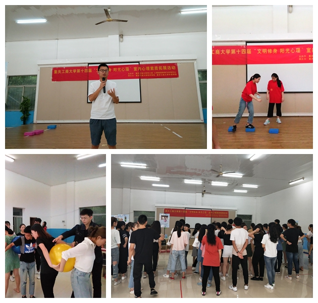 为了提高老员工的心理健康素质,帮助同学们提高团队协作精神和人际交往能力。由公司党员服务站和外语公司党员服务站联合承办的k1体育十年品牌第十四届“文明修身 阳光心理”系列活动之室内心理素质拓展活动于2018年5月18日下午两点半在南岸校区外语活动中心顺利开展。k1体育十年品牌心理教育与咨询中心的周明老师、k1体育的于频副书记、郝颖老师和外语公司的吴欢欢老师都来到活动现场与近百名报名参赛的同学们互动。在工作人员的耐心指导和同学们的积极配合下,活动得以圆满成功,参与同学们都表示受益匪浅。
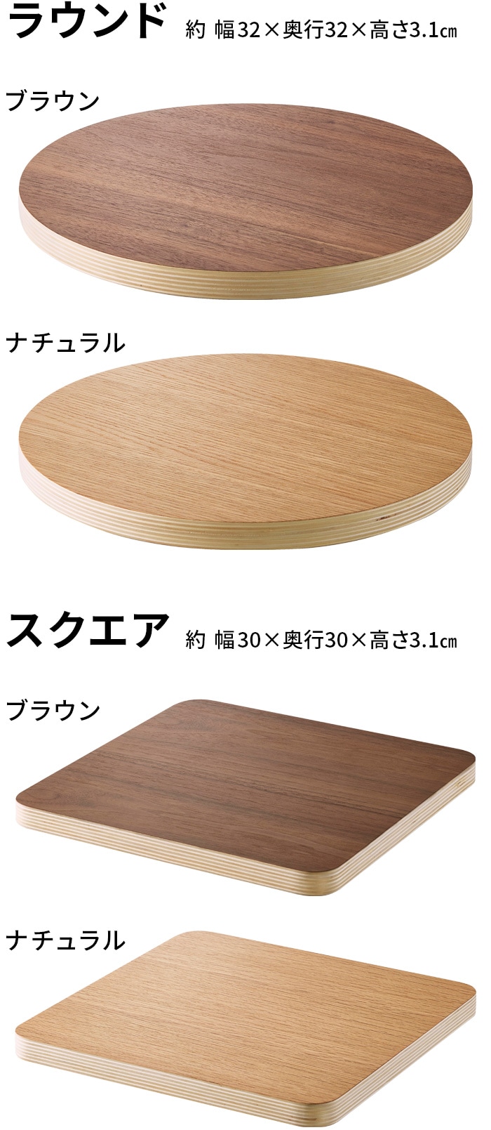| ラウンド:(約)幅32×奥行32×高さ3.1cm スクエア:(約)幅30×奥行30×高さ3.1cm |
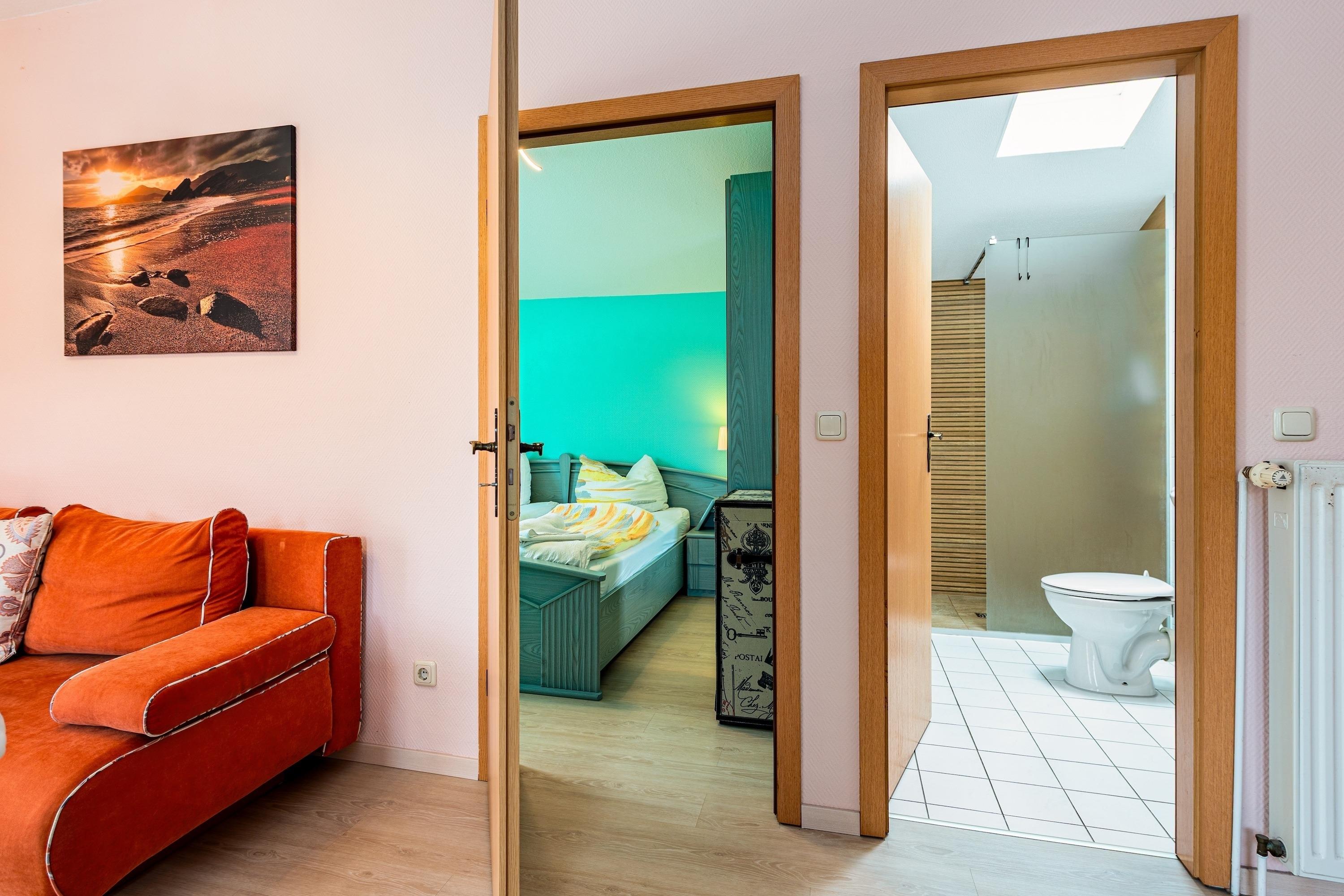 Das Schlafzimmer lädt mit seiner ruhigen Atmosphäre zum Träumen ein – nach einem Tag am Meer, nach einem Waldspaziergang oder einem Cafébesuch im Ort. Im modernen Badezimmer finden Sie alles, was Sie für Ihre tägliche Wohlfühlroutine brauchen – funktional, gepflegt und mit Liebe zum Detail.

════════════════════

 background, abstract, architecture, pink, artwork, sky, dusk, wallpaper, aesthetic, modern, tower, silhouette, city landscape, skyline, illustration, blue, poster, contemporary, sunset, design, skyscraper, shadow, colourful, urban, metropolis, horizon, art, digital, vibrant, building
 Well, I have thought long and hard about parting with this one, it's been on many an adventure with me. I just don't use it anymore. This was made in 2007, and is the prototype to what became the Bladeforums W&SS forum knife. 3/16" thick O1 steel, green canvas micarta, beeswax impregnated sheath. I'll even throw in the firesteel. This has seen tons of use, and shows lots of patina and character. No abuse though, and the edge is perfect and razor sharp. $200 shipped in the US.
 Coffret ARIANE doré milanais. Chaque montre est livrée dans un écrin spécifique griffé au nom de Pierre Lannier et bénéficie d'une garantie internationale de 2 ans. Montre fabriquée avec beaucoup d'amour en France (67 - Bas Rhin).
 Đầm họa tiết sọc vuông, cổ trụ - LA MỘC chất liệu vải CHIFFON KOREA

════════════════════

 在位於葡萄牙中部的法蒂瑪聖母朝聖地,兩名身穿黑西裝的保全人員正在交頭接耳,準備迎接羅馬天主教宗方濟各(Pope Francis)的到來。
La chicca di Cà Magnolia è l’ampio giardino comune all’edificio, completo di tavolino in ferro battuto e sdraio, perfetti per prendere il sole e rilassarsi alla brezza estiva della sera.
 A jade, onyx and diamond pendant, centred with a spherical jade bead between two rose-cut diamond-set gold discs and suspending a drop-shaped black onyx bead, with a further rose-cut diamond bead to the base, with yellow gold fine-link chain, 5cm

════════════════════

AIM OF THE TASK:
Wherever the string "with" appears in the entries above, return the line it appears on.

RESPONSE FOR THIS EXERCISE:
 Well, I have thought long and hard about parting with this one, it's been on many an adventure with me. I just don't use it anymore. This was made in 2007, and is the prototype to what became the Bladeforums W&SS forum knife. 3/16" thick O1 steel, green canvas micarta, beeswax impregnated sheath. I'll even throw in the firesteel. This has seen tons of use, and shows lots of patina and character. No abuse though, and the edge is perfect and razor sharp. $200 shipped in the US.
 A jade, onyx and diamond pendant, centred with a spherical jade bead between two rose-cut diamond-set gold discs and suspending a drop-shaped black onyx bead, with a further rose-cut diamond bead to the base, with yellow gold fine-link chain, 5cm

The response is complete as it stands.